I have a very small amount in a Santander account and they have just announced their savings rate is going down to the same as other banks. 0.25%.

Ray.


----------



## Penquin (Oct 15, 2007)

Post contents deleted by Admin at the request of the poster.


----------



## mgdavid (Nov 27, 2014)

banking across frontiers has always been tricky (for the banks) and best avoided or circumvented. Obv I don't know your circumstances but if it were me I'd be using a proper French bank in France and moving money online via a currency broker.
Surely not using cheques is a blessing in disguise? I last used one over a year ago when I imported the MH, only because that bit of DVLA don't accept anything else!


----------



## Penquin (Oct 15, 2007)

Agreed we have a genuine French account na genuine French Bank who are VERY helpful, we use the services of a currency trader and the system works well......

Not using cheques is an advantage to us, BUT sadly many places will ONLY take cheques, which means we are subsidising the French Government to the extent of several hundred euros at a time......

But that's another thread entirely......

Dave


----------



## StephandJohn (Sep 3, 2007)

We use the Santander 123 account, debit and credit cards, and find them very easy to deal with.

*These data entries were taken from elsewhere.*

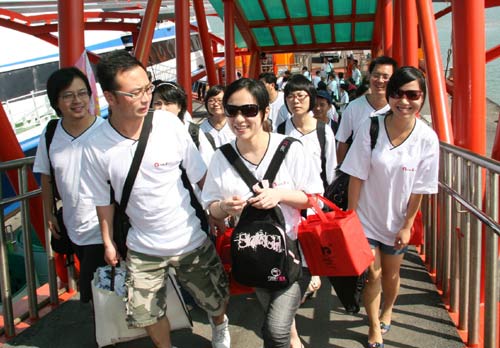 中新網(wǎng)8月26日電 今天是七夕情人節(jié),200多名廈門男女青年組團(tuán),以“小三通”為鵲橋,飄洋過海到金門,參加海峽兩岸七夕牽手會(huì)活動(dòng),尋覓有情人。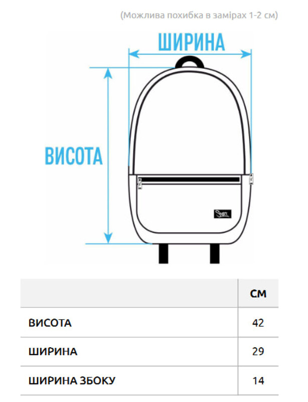 - размер: высота 42 см; ширина 29 см; ширина сбоку 14 см;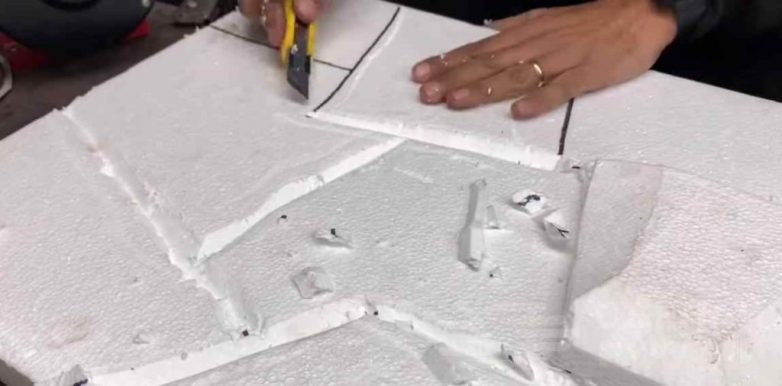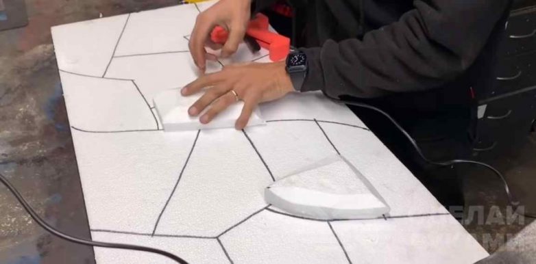 Из другого куска пенопласта автор вырезает несколько элементов и придает им необходимую форму (по форме уже нарисованных камней). Затем ножом нужно сделать скосы в верхней части.
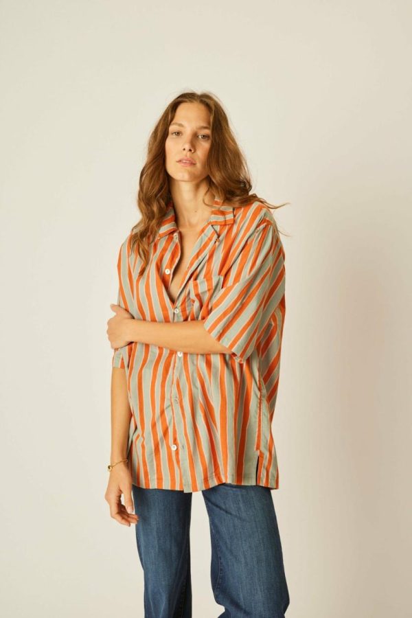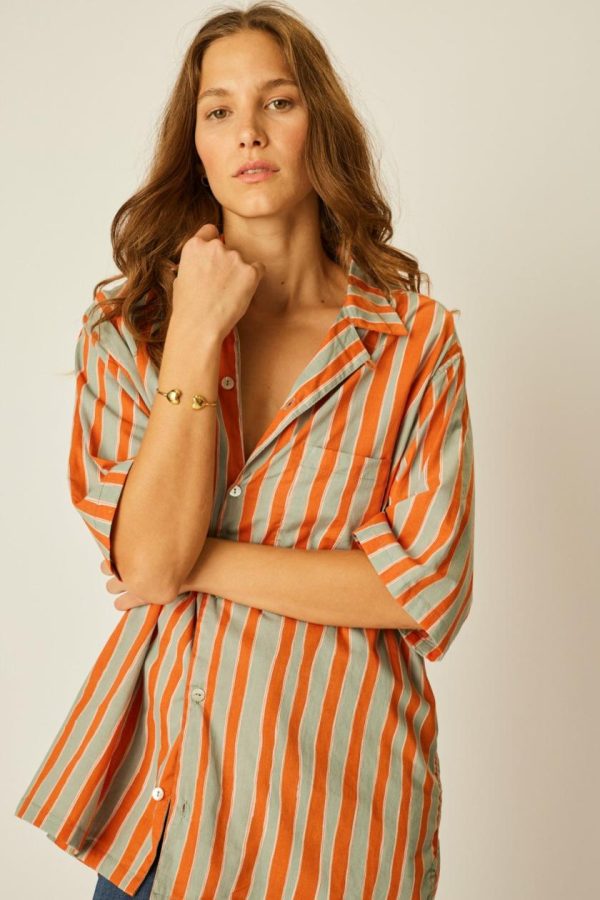 Women/Men KEVIN SHIRT UNISEX Batik Stripe Sage | Natalie Martin Tops

We also have a Nationwide account which we use occasionally to keep it open and have just put some money in to in case we have a problem abroad with Caxton and/or Santander - might seem like belt and braces but there was a problem a few years ago with masrercard and visa in Italy and we were stuck for a few days. We also have a Barclaycard Credit card (which we got when it was Goldfish) which we use occasionally to keep it open.
You can't trust banks so its better to spread it if you can in case one gets huffy with you.


----------



## raynipper (Aug 4, 2008)

mgdavid said:


> banking across frontiers has always been tricky (for the banks) and best avoided or circumvented. Obv I don't know your circumstances but if it were me I'd be using a proper French bank in France and moving money online via a currency broker.
> Surely not using cheques is a blessing in disguise? I last used one over a year ago when I imported the MH, only because that bit of DVLA don't accept anything else!


Don't know if it's only rural France but cheques are commonly used here in Normandy. All checkouts have and use 'cheque writers' at their tills. And I have to send the odd cheque by post to lawyers or insurance companies.
Maybe we are still in the 20th. century.

Ray.:nerd:


----------



## nicholsong (May 26, 2009)

I have an HSBC account in London and an ING (Dutch) bank in Poland with both Zloty and Euro accounts and I use a currency exchange for transfers. All works fine - only thing different here is that cash withdrawals(machine 50m away) in Zloty do not appear on one's account for a couple of days unlike UK where it is instant. ING have a branch 1km away where I can get instant Euros up to €2,000 and any amount on 24hrs. notice.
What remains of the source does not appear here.